Set up a bare repository and protect branches with hooks

Mar 20, 2026

When you think about remote Git repositories, it's usually something like GitHub or GitLab. But sometimes you just need a simple local remote, a private backup on your machine, a shared repo across computers on your local network, or a central copy that works completely offline.

Git already gives you everything you need with git init --bare. No extra services, no setup overhead.

What is a bare repository?

A bare repository is a Git repository that contains only the internal Git data, commits, branches, tags, and configuration, with no working directory. There are no project files to check out; it exists purely as a storage location for the repository history.

Creating a bare repository

Creating a bare repository is straightforward and only takes a single command:

git init --bare my-project.git

If you look inside the directory, you'll find the raw Git internals: HEAD, config, objects/, refs/, and a hooks/ directory, which we'll use later.

Tip

It's common practice to name bare repositories with a .git suffix: project.git. This makes it immediately clear that the folder is a repository storage location, not a working project.

Connecting a local project

There are two ways to connect to the bare repository depending on whether you have an existing project or are starting fresh.

If you already have a local project, add the bare repo as a remote and push:

git remote add origin ~/my-project.git
git push -u origin main

If you're starting fresh, clone it directly:

git clone ~/my-project.git

The path can be absolute (/home/user/repos/my-project.git) or use ~ for your home directory. On a shared machine or NAS, use the actual filesystem path to the bare repo.

Some other useful commands for working with remotes

git remote -v                   # verify the remote is configured
git remote show origin          # inspect the remote in detail
git fetch origin                # fetch latest without merging
git log origin/main..HEAD       # see commits not yet pushed

Protecting the main branch with hooks

One feature people often miss when using a plain Git server instead of platforms like GitHub or GitLab is branch protection. Luckily Git already supports this through hooks.

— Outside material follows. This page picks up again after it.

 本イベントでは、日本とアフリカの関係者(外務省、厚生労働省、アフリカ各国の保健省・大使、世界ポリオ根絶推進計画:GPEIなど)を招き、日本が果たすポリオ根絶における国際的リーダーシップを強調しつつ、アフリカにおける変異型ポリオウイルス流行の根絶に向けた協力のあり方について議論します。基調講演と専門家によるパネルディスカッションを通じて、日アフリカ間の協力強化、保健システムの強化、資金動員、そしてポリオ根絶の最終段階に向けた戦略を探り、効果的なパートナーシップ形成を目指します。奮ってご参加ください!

Since a bare repository acts as the central remote, we can install a pre-receive hook that runs whenever someone pushes to the repository. The hook can inspect the pushed references and reject the push if it targets a protected branch like main or master.

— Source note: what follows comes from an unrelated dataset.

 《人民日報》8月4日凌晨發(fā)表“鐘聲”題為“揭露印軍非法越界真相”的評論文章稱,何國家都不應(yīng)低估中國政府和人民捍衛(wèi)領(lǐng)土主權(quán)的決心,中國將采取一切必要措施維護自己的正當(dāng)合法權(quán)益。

Inside the bare repository create the hook:

cd my-project.git/hooks
touch pre-receive
chmod +x pre-receive

Then add the following script to block direct pushes to protected branches:

#!/bin/sh

while read oldrev newrev refname
do
  if [ "$refname" = "refs/heads/main" ] || [ "$refname" = "refs/heads/master" ]; then
    echo "Direct pushes to main/master are not allowed."
    exit 1
  fi
done

exit 0

The pre-receive hook runs once for every push and receives the updated references through standard input. Each line contains the old commit hash, the new commit hash, and the reference name. By checking the reference name we can selectively reject pushes to protected branches while allowing everything.

Conclusion

With just a few lines of shell script you get a simple form of branch protection similar to what hosted Git platforms provide. This setup works well for personal backups, small teams on a shared server, or any situation where you want a central Git remote without the overhead of running a full platform. The hooks/ directory gives you room to grow, you can add post-receive hooks for notifications or automated deployments down the line.